I had kind of a minor breakthrough yesterday vacuum bagging a first part (of 45) for the lander’s top dome. Typically when vacuum bagging, you put the part into the bag and run the vacuum for 6 to 10 hours, depending on temperature.

I have seen the Ziplock Spacebags keeping a quilt vacuumed for what, 6 months? I wondered if it couldn’t be also used to vacuum boat or spaceship parts. Yes, it worked. My concerns that it could not stand my high vacuum pressure, or that the shutoff was tricky, were unfounded. I did create a kind of plastic airlock around the bags shut-off valve so that I could keep my high vacuum longer. I ran the high vacuum pressure 8mm hose through the airlock bag and into the jaws of the shut-off valvve. Next I started the compressor and got my 25 inches of mercury vacuum from my Venturi and compressor. Finally, and in one flash move, I pulled the hose out of the valve jaws and closed them. The next morning it had held the vacuum all night.

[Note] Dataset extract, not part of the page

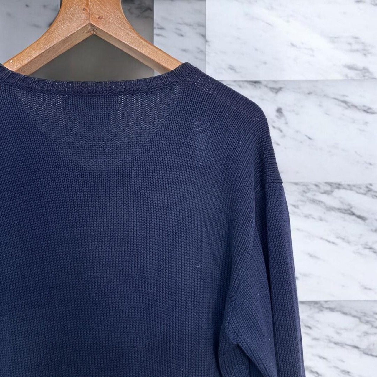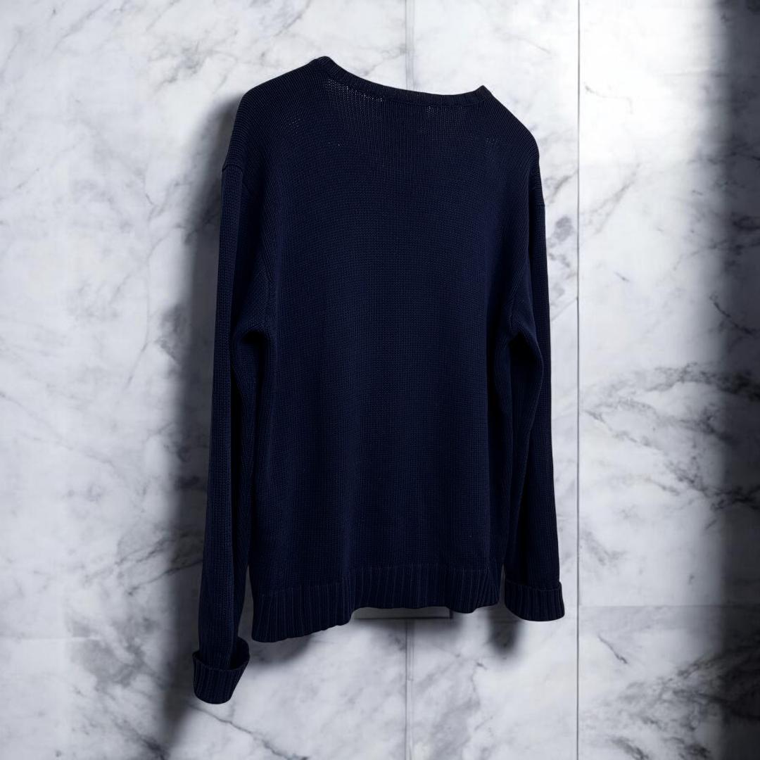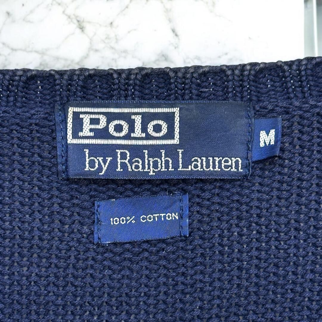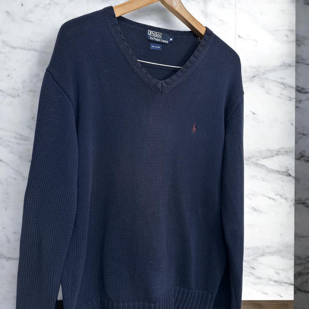 POLO Ralph Lauren V-neck 100% cotton sweater ネイビー サイズM we0402

My parts are small for this job (2’ on a side) and the bags are also small (3’ x 4’) but with proof of concept, I can start to replicate on bigger parts in the future. Also this means that I can vacuum bag several parts at once as they only need to suck for a couple of minutes.  www.spacebagbrand.com

zipbag1
Bag sucking, showing “airlock” I added.
zipbag2
The bag the next morning.
zipbag3
Bag closed but not yet sucking

2 thoughts on “Ziplock Space Bagging”

  1. Wow, 25in.Hg is 635mmHg, 12.3 psi, 0.835 atmosphere. This is 3 – 4 times the pressure we use for cyl. mold ply/epoxy. Is that a ply/foam sandwich? and what is min vacuum needed? Did you have a gauge on the bag so you could see the final vacuum reading after cure? Please detail your “venturi and compressor”. And Merry Xmas from our southern summer! Cheers, Chris A.

    1. Chris, Hi!

      Been hoping to hear from you. My Outlook went away with your email address from before. Send a progress report and pictures (Chris is building a 20m catamaran of his own design, using a variation on CM, all).
      Venturi pump is from Fiberlay. Oddly enough is not on their website yet. Biggest reason is that it is so quiet compared to shop vac. Don’t want to scare the neighbors. Parts are ply/core/ply and could surely work with shop vac, but my Makita compressor and Venturi pump are so quiet. I have not measured vacuum, but Joe Parker noted that single stage Venturi will have about that pull.